Hoy: 23 de noviembre de 2024
Caminaba altanera por el Paseo del Prado, disimulando una inseguridad instalada sin permiso en el espacio más oscuro de su vehemencia. Le hacían daño los pendientes de hojalata y sus tacones de aguja hacía rato que le habían destrozado los pies. Aguantó la alergia a su perfume barato y se cubrió de gloria rociándose una vez más con aquel mejunje infame que los viandantes trataban de no inhalar. Frustraciones acaecidas a cada paso: tropiezos deleznables generados por la falta de autoestima. La causa de no quererse: una infancia de ultraoscuridad, donde la inocencia interrumpida se llenó de podredumbre. Nadie la miraba a pesar de su sombra de ojos verde con matices de purpurina dorada y su cardado añejo de los ochenta. No se esforzaba ya por escapar de sí misma tomando por atajo un ansiolítico. Envidiaba a los que tocaban fondo porque ella estuvo anclada allí desde siempre. No era esa su zona de confort, sino la imposición de un entorno vil y lascivo del que ya no podría escapar jamás.
En el paseo de Recoletos sus pasos eran soniquete de su propia pugna interior, y aunque ya perdida, ultrajada y ronca de gritar su rendición, seguía asestándole puñaladas en el alma a modo de soledad, desprecio, indiferencia, traición, deslealtad… Y obscenidades varias de los seres mundanos que para Esperanza ya no valían la pena.
En su bolso llevaba el último cartucho. Dentro del saco de falso cuero y penumbra infinita su arma se movía loca como los pensamientos de la dueña, dispuesta a poner fin a tanto absurdo amanecer precioso del que ya no podía disfrutar; adiós a las puestas de sol violáceas de primavera imposibles de admirar; atrás quedarían las bandadas de aves de otoño fascinantes en las edades tempranas. Lo inservible a la hoguera, y en la pira estaba ella lista para arder.

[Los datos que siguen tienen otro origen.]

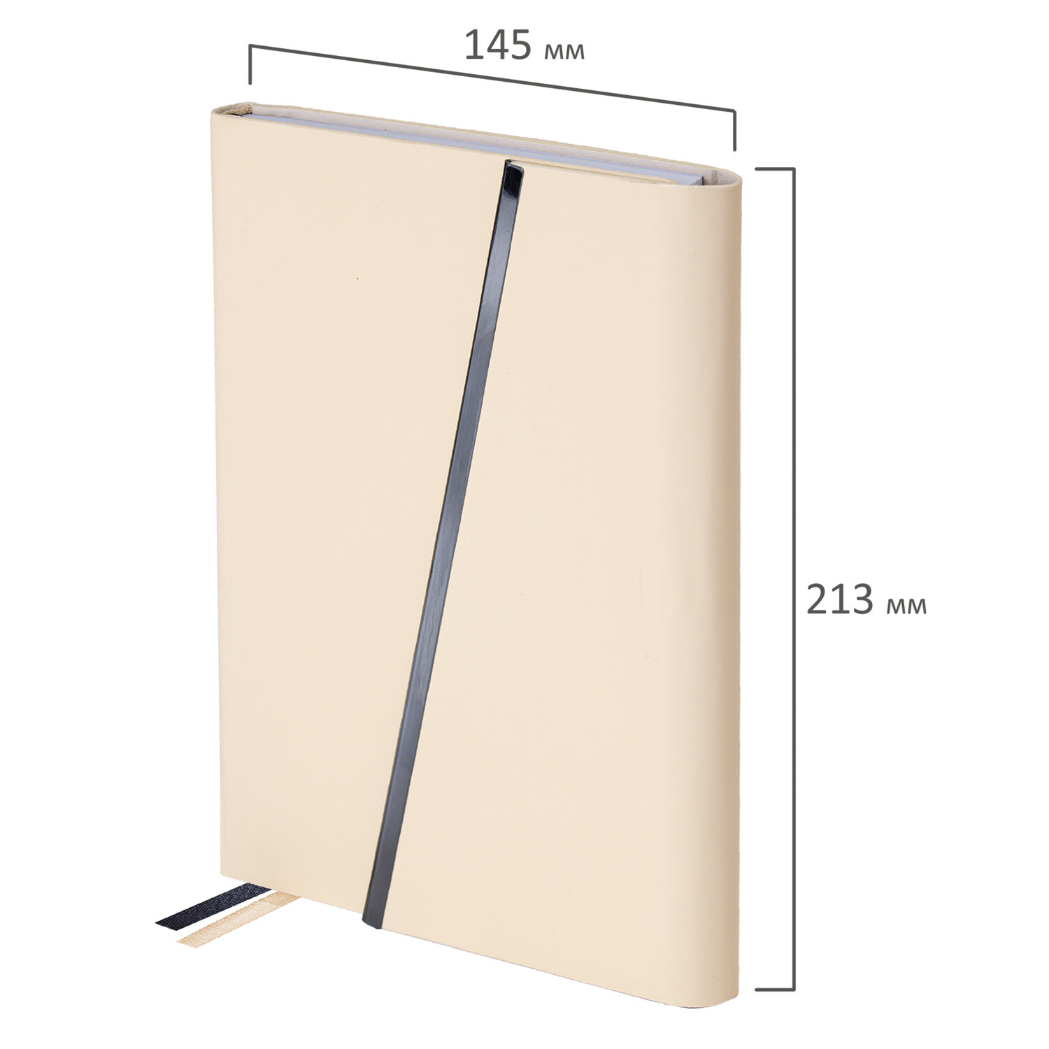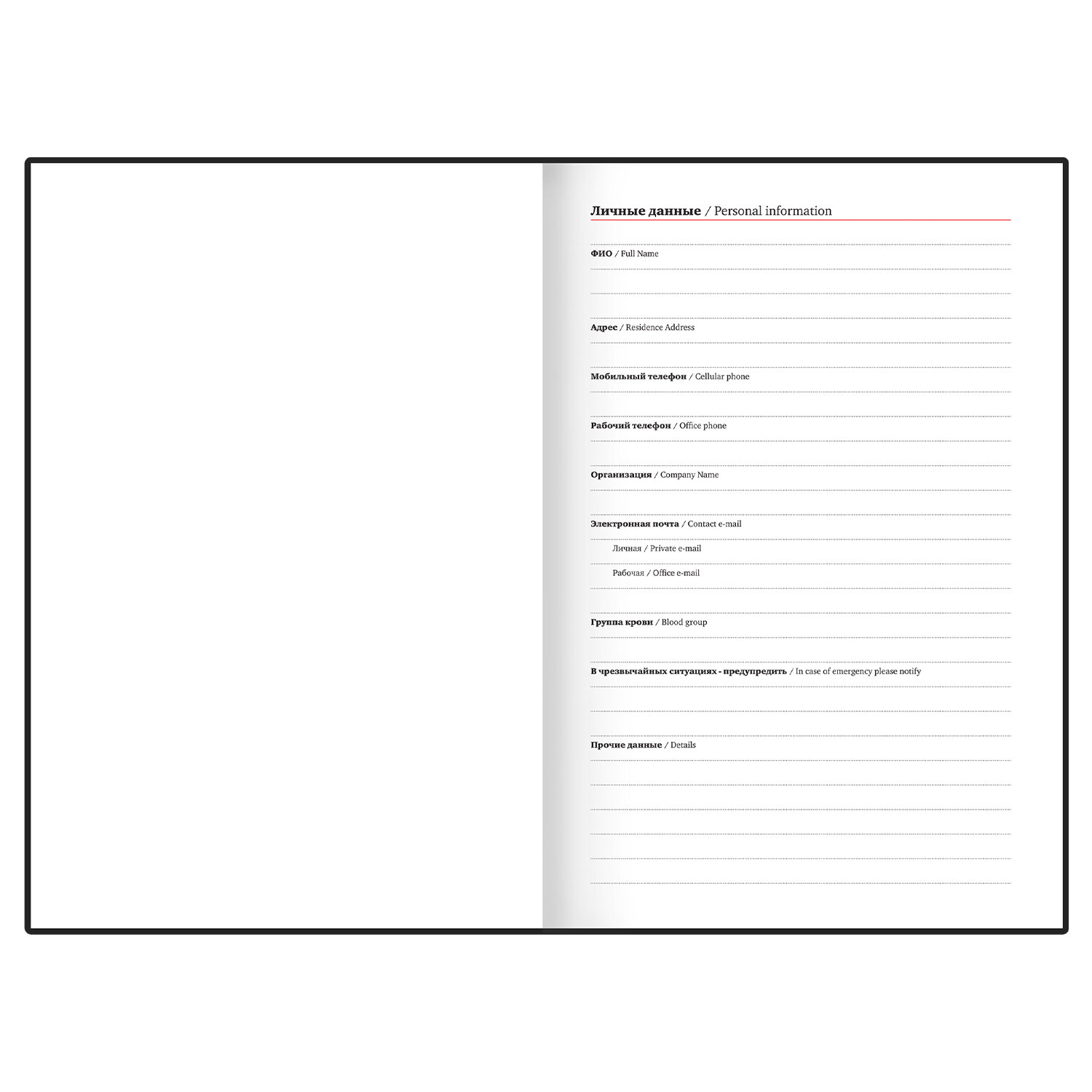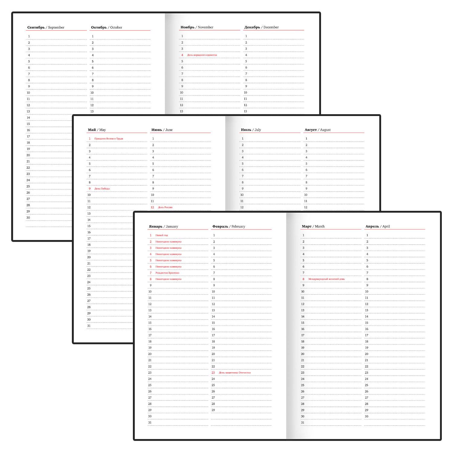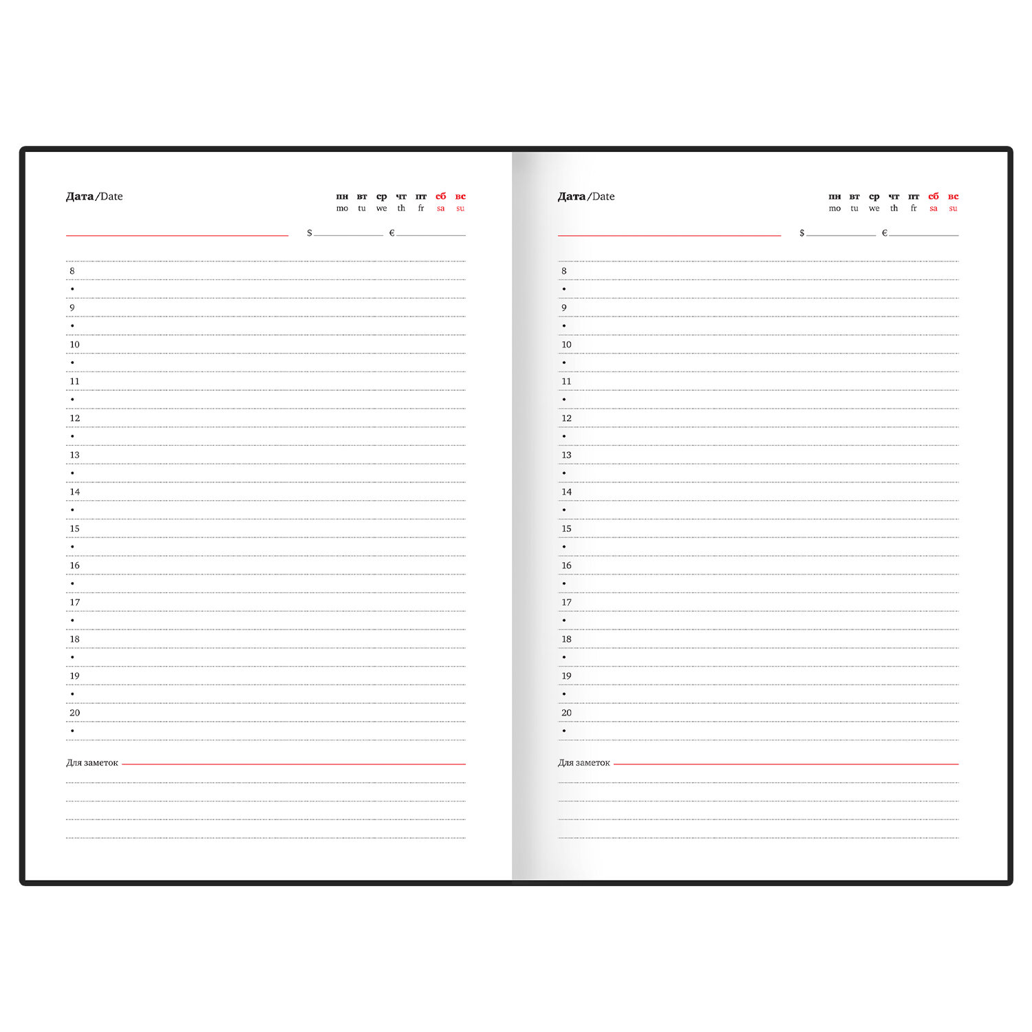 Внутренний блок включает 160 листов белой бумаги плотностью 70 г/м2. Каждая страничка имеет перфорированный угол. Благодаря стандартному формату А5 (145х213мм) ежедневник удобно использовать как в офисе, так и на выездных деловых встречах. Твердая обложка стилизована под гладкую кожу и имеет стильный магнитный клапан, благодаря чему он не откроется в сумочке или портфеле, и листы не помнутся. Материал обложки подходит для горячего тиснения. Дополнениями являются две закладки-ляссе, с помощью которых при необходимости можно быстро открыть ежедневник на нужной странице. Справочный материал дополнительно расширяет функциональность ежедневника. В конце внутреннего блока есть 7 страниц для записей и заметок.

Ni siquiera tenía miedo a ser consciente de que jamás sería nada de lo que hubiera querido ser. Le bastaba con ser miscelánea de sus proyecciones sobre ella misma. Tenía el final frente a su respiración, con suficientes testigos para darle gracia y emoción, aunque no quería público. La decisión, origen del fin a toda la malsana putrefacción de su vida insulsa.
Detuvo el paso, introdujo su mano en el bolso para asegurarse de que tenía lo necesario en su interior. Respiró profundo frente a la majestuosa biblioteca nacional mientras apretaba uno de sus libros y comenzó a subir la escalinata hacia la entrada, lista para los amaneceres ordinarios dignos de improntas de afecto; atardeceres lluviosos de confortable aspecto; pájaros con destino a su vida aunque no fuesen golondrinas.
Aquella decisión, aquel instante divino o fruto de su química cerebral, o producto de los astros alineados favoreciendo una fracción de segundo en la que afloró en ella ese giro argumental, aquella determinación fue su bienaventurado punto de inflexión.
Más o menos me pasa lo mismo cuando voy a la biblioteca de mi pueblo.